I think that in the former query, it would iterate up to 100,000 * 100,000 times and then filter the result by where clause; in the latter query, it would first filter the table_a to get 100 intermediate result and then iterate up to 100 * 100,000 times to get final result. So the former would be much faster than the latter.
But the result is that both query spends 1.5 second. And by using explain statement, I can't find any substantial differences
Does the mysql optimize the former query so that it executes like the latter?

CodePudding user response：

For INNER JOIN, ON and WHERE are optimized the same.

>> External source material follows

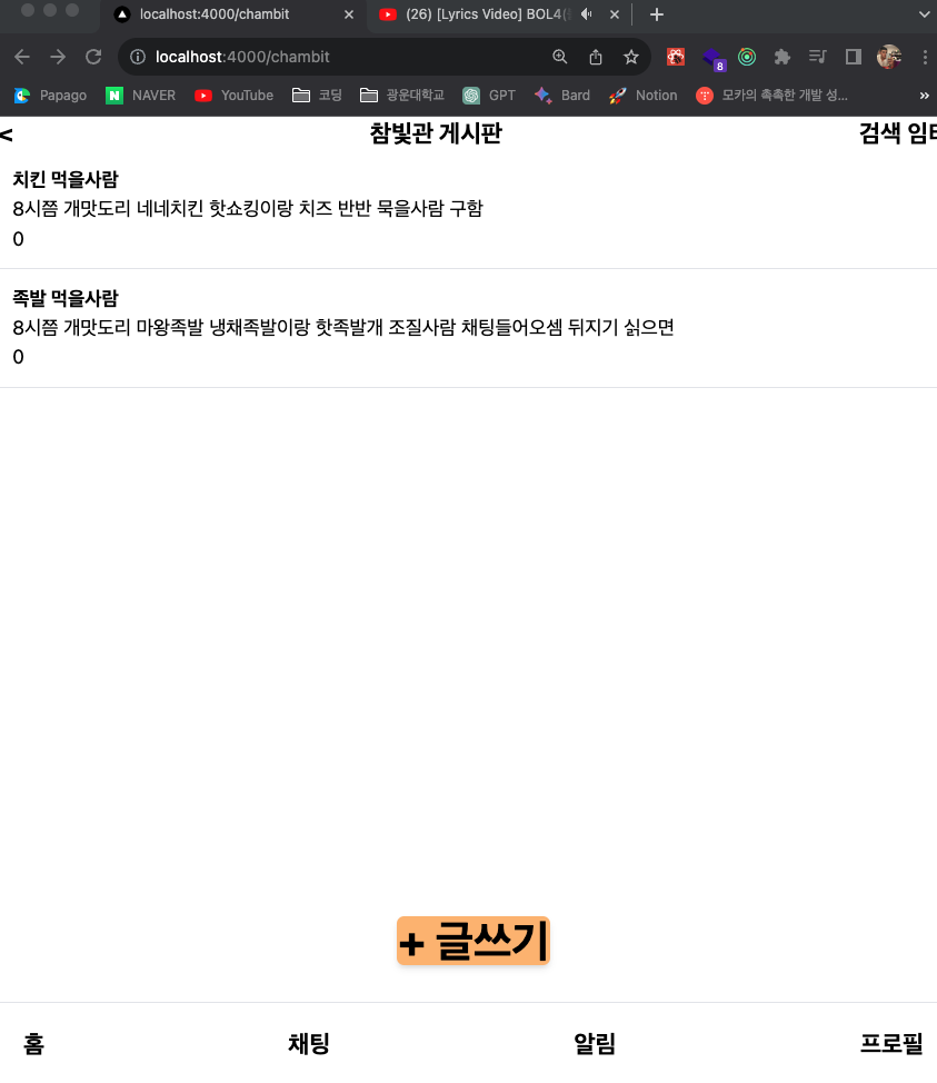 각각의 게시판 마다 위와 같은 코드를 통해 데이터를 불러와서 조회를 한다.

For LEFT/RIGHT JOIN, the semantics are different, so the optimization is different. (Meanwhile, please use ON for stating the relationship and WHERE for filtering -- it helps humans in understanding the query.)

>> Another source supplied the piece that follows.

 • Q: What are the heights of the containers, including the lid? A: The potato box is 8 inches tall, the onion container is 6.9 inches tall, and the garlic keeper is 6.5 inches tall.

Both queries can start by fetching 100 rows from a because of a.id between 50000 and 50100, then reach into the other table 100 time. But how it has to do a table scan because of the lack of any useful index. So 100 x 100,000 operations. ("Nested Loop Join" or "NLJ")

The solution to the slowness is to add

INDEX(name)

Add it at least to b. Or, if this is really a lookup table for making "names" to "ids", then UNIQUE(name). With either index, the work should be down to 100 x 100.

Another technique for analyzing queries is

FLUSH STATUS;
SELECT ...
SHOW VARIABLES LIKE 'Handler%';

It counts the actual number of rows (data or index) touched. 100,000 (or multiples of such) indicate a full table/index scan(s) in your case.

More: Index Cookbook

CodePudding user response：

Joins are always faster than sub-queries, so try to use joins instead of sub-queries wherever you can to speed up the process. Whereas in this case, both the queries are equivalent.

Another way to optimize the query would be using partitions. When using partitions, mysql will directly go to the partition according to your specified query which will reduce the time spent on other unrelated records.